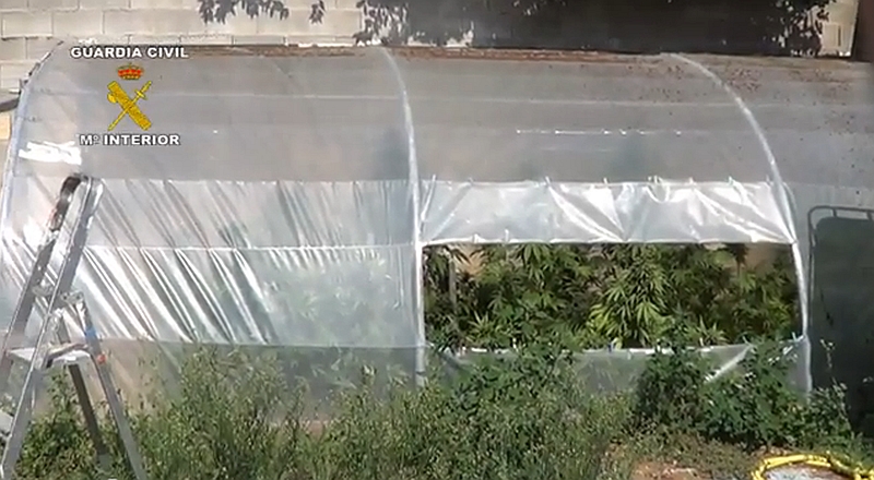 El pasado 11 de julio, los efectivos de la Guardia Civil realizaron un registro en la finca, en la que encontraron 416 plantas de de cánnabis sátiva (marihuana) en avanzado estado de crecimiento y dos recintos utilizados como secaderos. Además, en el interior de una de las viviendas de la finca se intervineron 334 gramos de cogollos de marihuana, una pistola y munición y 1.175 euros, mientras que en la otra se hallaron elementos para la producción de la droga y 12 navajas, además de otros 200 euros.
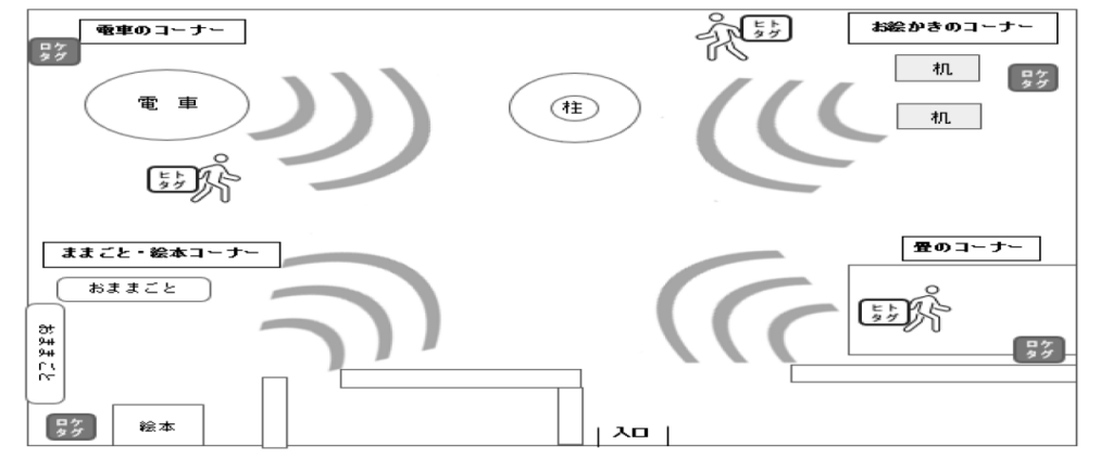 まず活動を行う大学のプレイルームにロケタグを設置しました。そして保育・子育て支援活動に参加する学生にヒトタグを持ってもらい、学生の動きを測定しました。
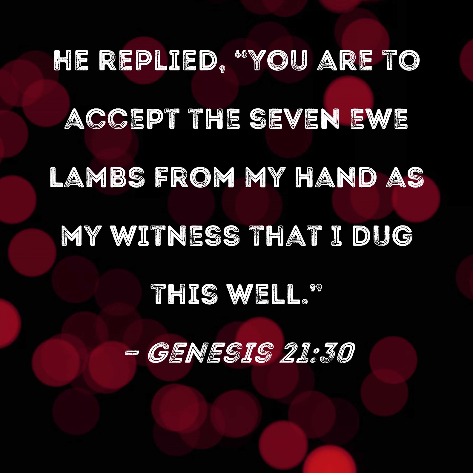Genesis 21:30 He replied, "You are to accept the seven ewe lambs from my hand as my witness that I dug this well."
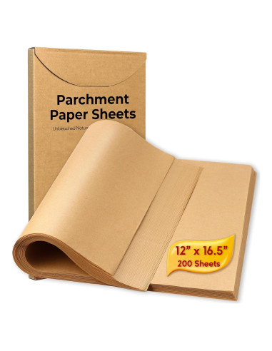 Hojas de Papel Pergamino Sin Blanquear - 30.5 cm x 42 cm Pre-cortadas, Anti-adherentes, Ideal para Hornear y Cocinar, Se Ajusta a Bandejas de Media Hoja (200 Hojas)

______________________________

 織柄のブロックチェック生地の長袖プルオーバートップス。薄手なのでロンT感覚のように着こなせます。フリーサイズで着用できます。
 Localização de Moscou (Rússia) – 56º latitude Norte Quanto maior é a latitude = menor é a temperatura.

______________________________

## Activity:
Starting at the line containing "まず活動を行う大学のプレイル" and stopping at the line containing "Hojas de Papel", output every line above exactly, both ends included, with pictures omitted.

## Solution for this exercise:
 まず活動を行う大学のプレイルームにロケタグを設置しました。そして保育・子育て支援活動に参加する学生にヒトタグを持ってもらい、学生の動きを測定しました。
Genesis 21:30 He replied, "You are to accept the seven ewe lambs from my hand as my witness that I dug this well."
 Hojas de Papel Pergamino Sin Blanquear - 30.5 cm x 42 cm Pre-cortadas, Anti-adherentes, Ideal para Hornear y Cocinar, Se Ajusta a Bandejas de Media Hoja (200 Hojas)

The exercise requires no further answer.